Place these little chunks of goodness in another well marked container, place back in freezer.

Well worth the effort and very simple.

mimi

*OBTW...welcome to CT!


----------



## petemccracken (Sep 18, 2008)

I've used http://bonewerksculinarte.com/ products for many applications and much prefer them to cubes, powders, or pastes.


----------



## michaelga (Jan 30, 2012)

PeteMcCracken said:


> I've used http://bonewerksculinarte.com/ products for many applications and much prefer them to cubes, powders, or pastes.


Who do you get these products through? I've not heard of them and am interested thanks.

Mike


----------



## petemccracken (Sep 18, 2008)

Send them an email, it appears their on-line store is currently down for maintenance, in the past, they had both retail and trade on-line sales.

I'm not aware of any distributor marketing channels, I've always purchased direct.


----------



## phatch (Mar 29, 2002)

Better than Bouillion has a low sodium line I use. More than Gourmet makes quite good stock concentrates but they're pricey.

Bouillion cubes are not particularly suited to good cooking. They are useful occasionally as "tricks" for particular dishes or effects as in its use in as "Chicken MSG"-- mostly a trick of Chinese cooking where traditional seasonings were not readily available.  You can find it used in Chinese cookbooks of the early to mid 70s in the US often enough.


----------



## michaelga (Jan 30, 2012)

PeteMcCracken said:


> Send them an email, it appears their on-line store is currently down for maintenance, in the past, they had both retail and trade on-line sales.
> 
> I'm not aware of any distributor marketing channels, I've always purchased direct.


Thanks


----------



## ga home cook (Sep 11, 2012)

I work for Unilever and they have a product now available at the grocery

http://www.knorr.com/product/category/245804/homestyle-stock-

It is a smaller version of the stocks that are available to the resturants. Check it out. I highly recommend them.


----------



## sookie (Oct 4, 2012)

thank you all guys!


----------



## sookie (Oct 4, 2012)

thank you =)


----------



## flipflopgirl (Jun 27, 2012)

Thanks Pete!

Sent them an email for product/price info.

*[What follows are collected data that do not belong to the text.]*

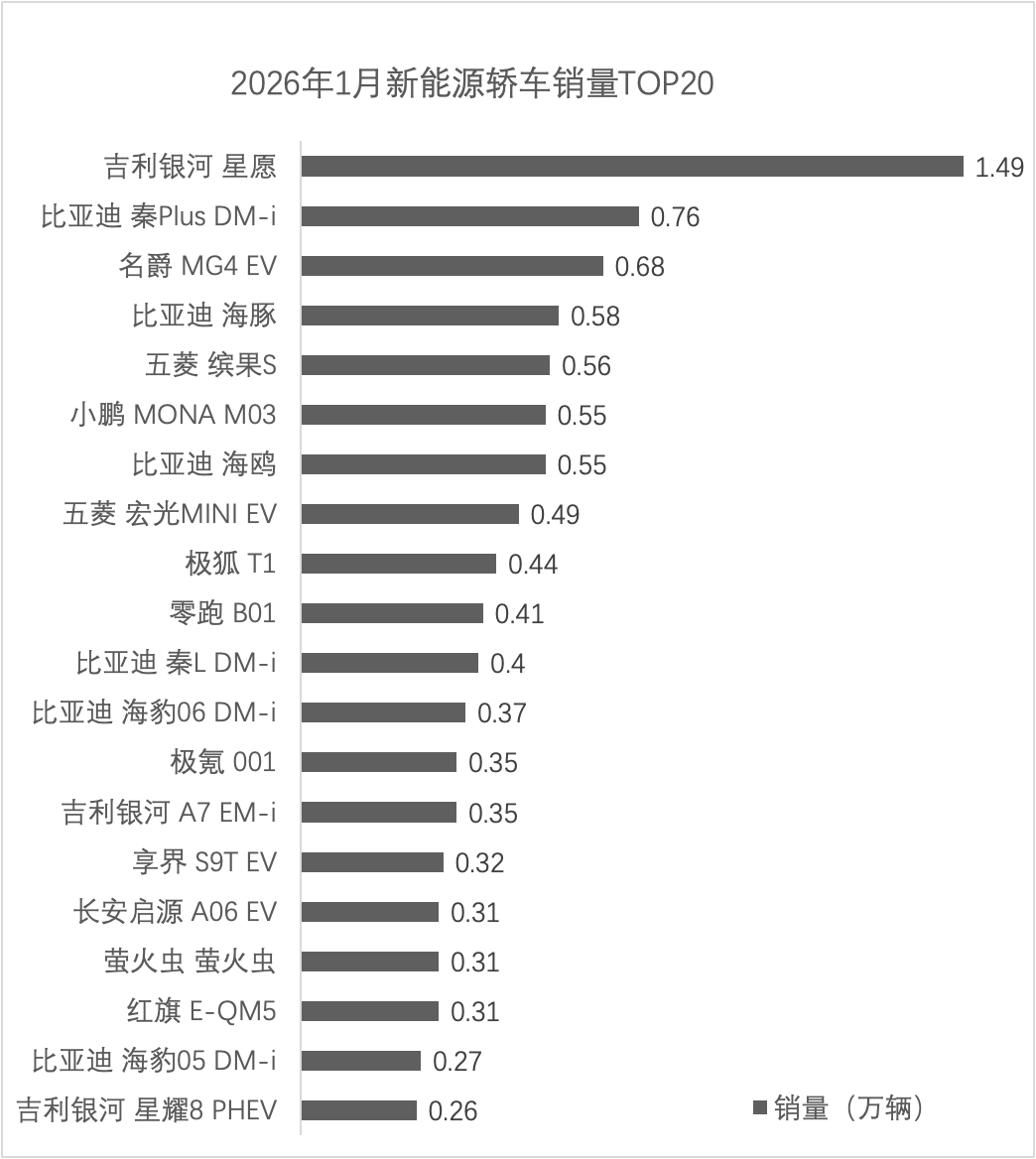 1月新能源轿车销量变化非常大,尽管吉利银河星愿继续拿下轿车销量冠军,但也明显受到了政策影响。具体来看,银河星愿售出1.49万辆,占吉利银河总销量42%。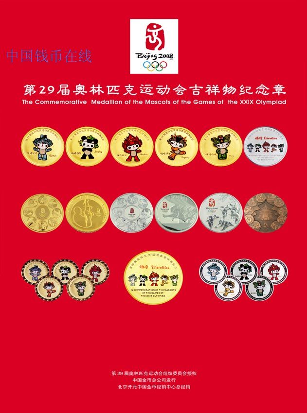 经北京奥组委授权,中国金币总公司于近日发行了第29届奥林匹克运动会吉祥物纪念章(以下简称“纪念章”)一套。该套纪念章设计精美,分别以金、银、铜三种金属为载体,将吉祥物组合图案和单个图案生动地刻画出来。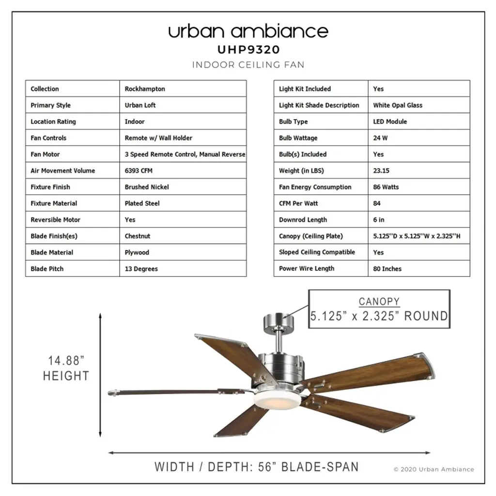 Urban Ambiance Luxury Transitional Ceiling Fan, 14.875''h X 56''w, Brushed Nickel Finish, Uhp9320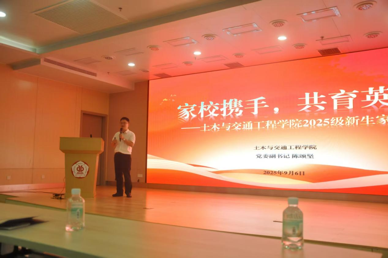 最后,党委副书记陈颂坚以“家校携手,共育英才”为主题为家长们作了如何共同帮助学生树立目标,及早制定大学规划,明确职业发展方向的报告。 他先是结合行业趋势,深入分析了土木专业的发展前景与就业方向,随后围绕考研升学、考公考编等家长重点关注的成长路径,与大家共同探讨新生在校期间的适应与发展规划。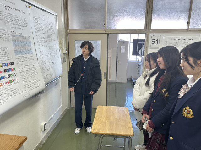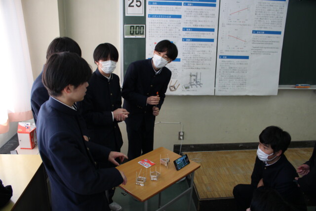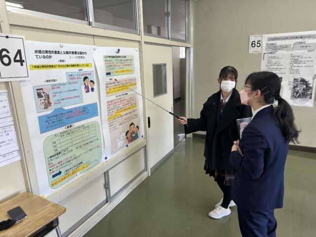 2月12日 (木) に、1学年課題研究Ⅰ (AM)・2学年課題研究Ⅱ (PM) の発表会が行われました。1年間行ってきた研究について、1学年は口頭発表、2学年はポスター発表で内容を発信しました。生徒間で質疑も活発に行われ、外部の方からも貴重な意見を頂きました。これで研究活動はいったん区切りとなりますが、1年間を振り返って今後の活動につなげていきましょう。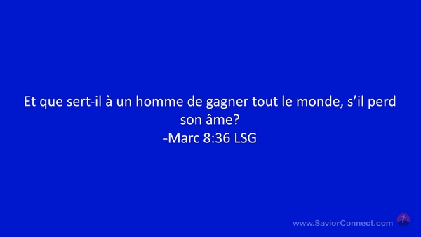 Et que sert-il à un homme de gagner tout le monde, s'il perd son âme? -Marc 8:36 LSG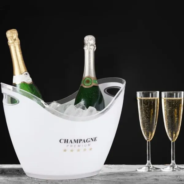 Detta eleganta vita champagnekylare är perfekt för att hålla dina drycker kylda och stilfullt presenterade vid alla tillfällen. Den robusta plastkonstruktionen och rymliga designen gör den idealisk för fester, då den enkelt rymmer flera flaskor. Praktiska bärhandtag gör transporten enkel var du än behöver den.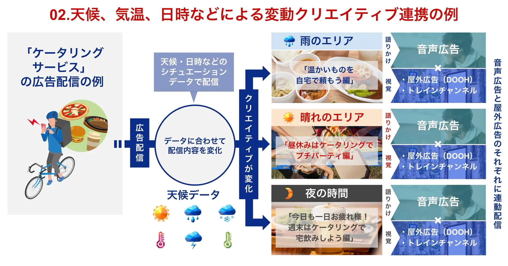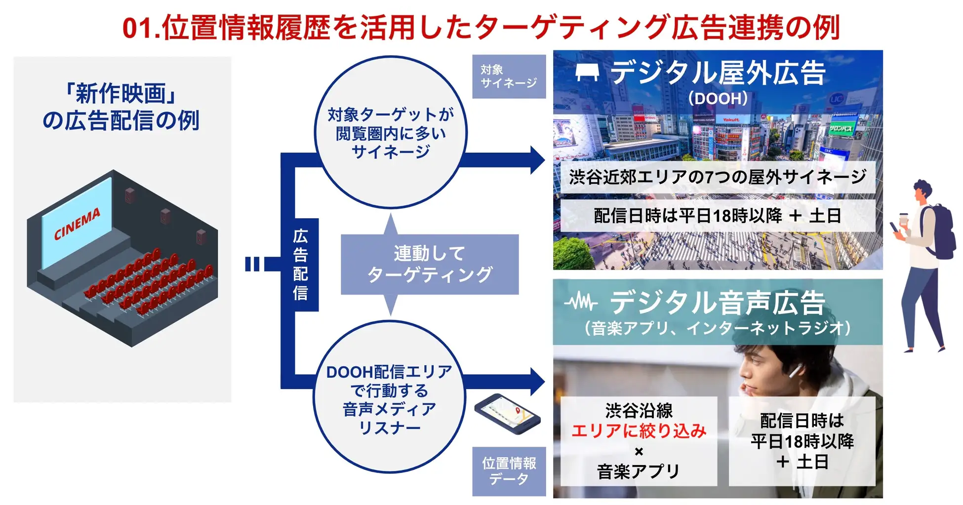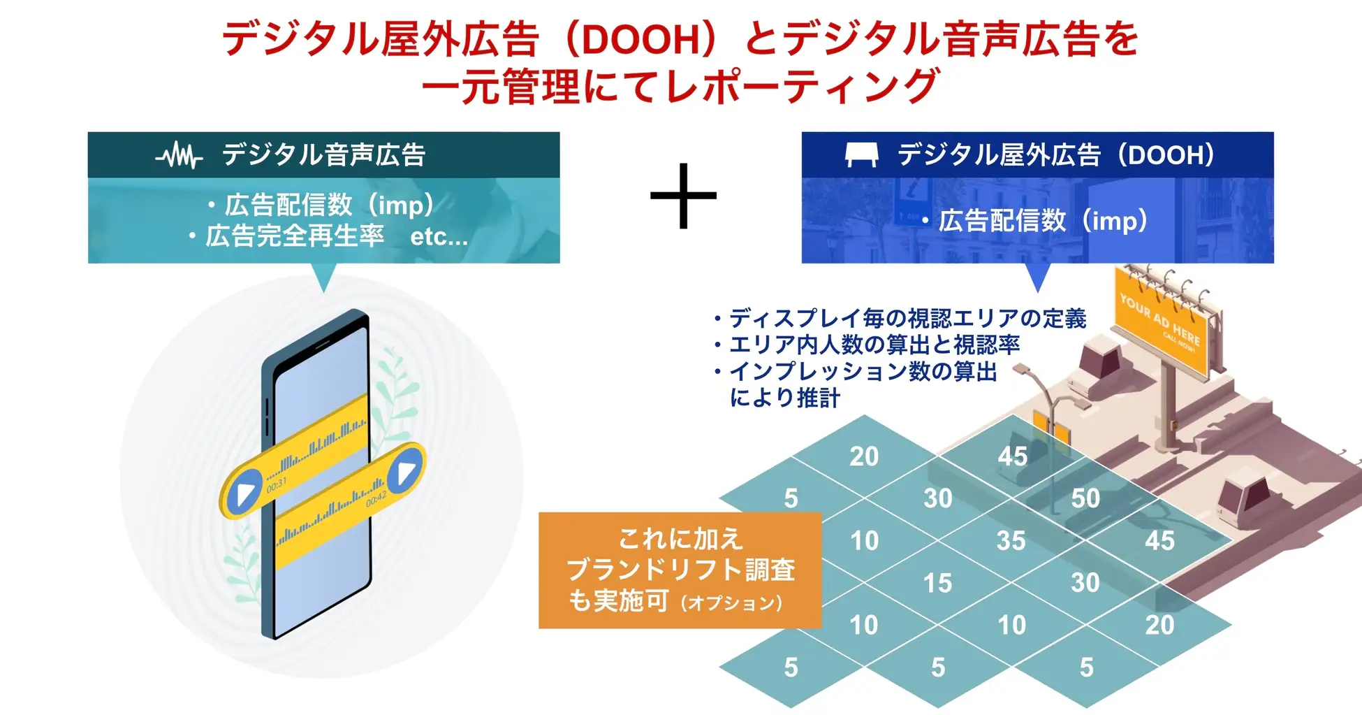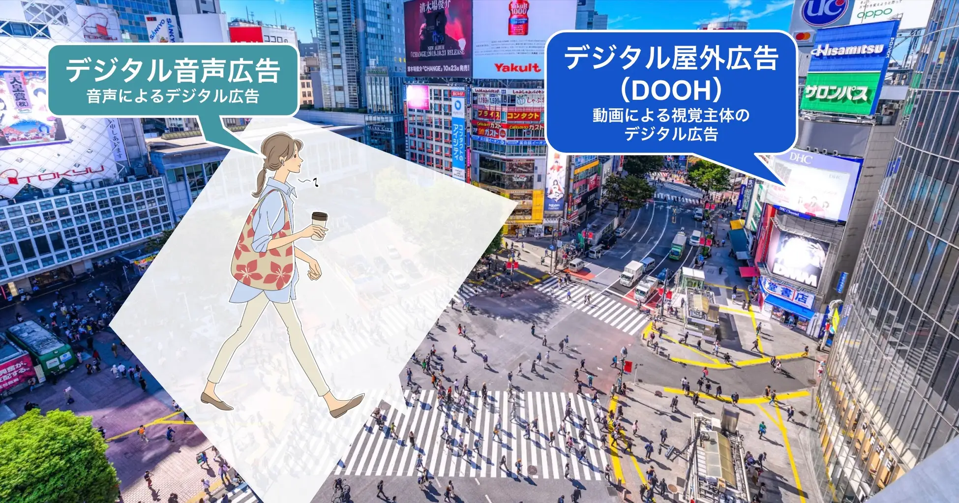 デジタル屋外広告(DOOH)は”動画”による視覚主体の広告フォーマットであり、一方のデジタル音声広告はイヤホンからの”音声のみ”の広告フォーマットであるため、「視覚」と「聴覚」それぞれへの訴求を補完するような広告活用が可能です。

With only the 2 of us at home I have been planing menus and shopping list around my addiction to homemade chicken stock.

This will help a lot, I hope.

mimi


----------



## kippers (Aug 31, 2012)

GA Home Cook said:


> I work for Unilever and they have a product now available at the grocery
> 
> http://www.knorr.com/product/category/245804/homestyle-stock-
> 
> It is a smaller version of the stocks that are available to the resturants. Check it out. I highly recommend them.


A very good product in particular the fish stock pot that does not appear on your American link.

Ps I live near Port Sunlight Village http://www.portsunlightvillage.com/


----------



## kippers (Aug 31, 2012)

Fermi Fang said:


> according to marco pierre white.. u take them and RUB ON EVERYTHING
> take beef stock cubes and rub ur beef with it... (personally all i can say is LMAO... but hey im 19 years old.. not marco pierre white..) and when marco says something.... well maybe u should "trust him:?"
> 
> well the stock cubes...
> ...


I would trust him no wierd additives here http://www.knorr.co.uk/Products/Knorr-Stock-Pots.aspx


----------



## ga home cook (Sep 11, 2012)

Kippers,

I have not saw the Fish version.  The Vegetable, Beef and Chicken are excellent.

I've never been to Port Sunlight.  I know several folks there.


----------